### Dataset section
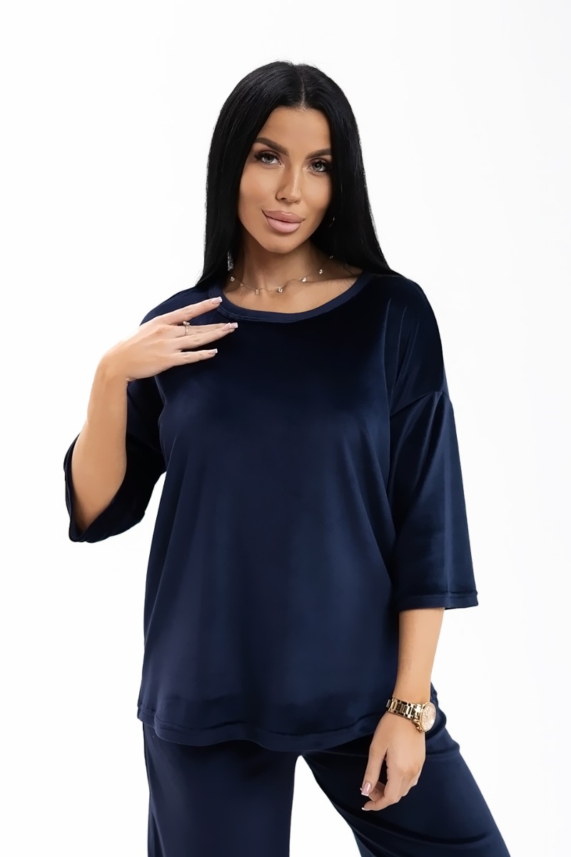 Костюм двойка женский 1920/2 велюр (последний размер) синий 56,58
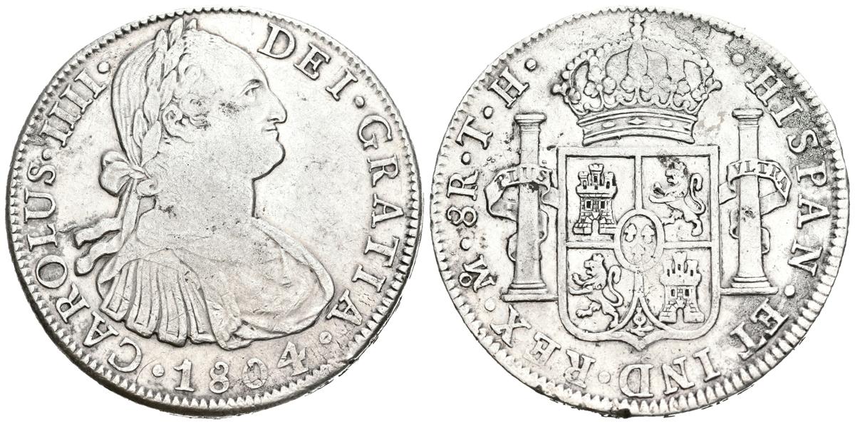 English CARLOS IV (1788-1808). 8 Reales. (Ar. 26.80g/40mm). 1804. Mexico TH. (Cal-2019-980). Very Fine.
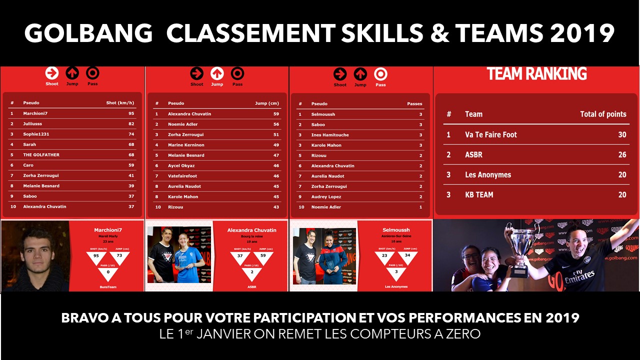 LES CHAMPIONS ET CHAMPIONNES GOLBANG 2019: CLASSEMENT SKILLS & TEAMS

### Your task
Print each line above exactly as it appears, excluding all images.

### Answer section
 Костюм двойка женский 1920/2 велюр (последний размер) синий 56,58
 English CARLOS IV (1788-1808). 8 Reales. (Ar. 26.80g/40mm). 1804. Mexico TH. (Cal-2019-980). Very Fine.
 LES CHAMPIONS ET CHAMPIONNES GOLBANG 2019: CLASSEMENT SKILLS & TEAMS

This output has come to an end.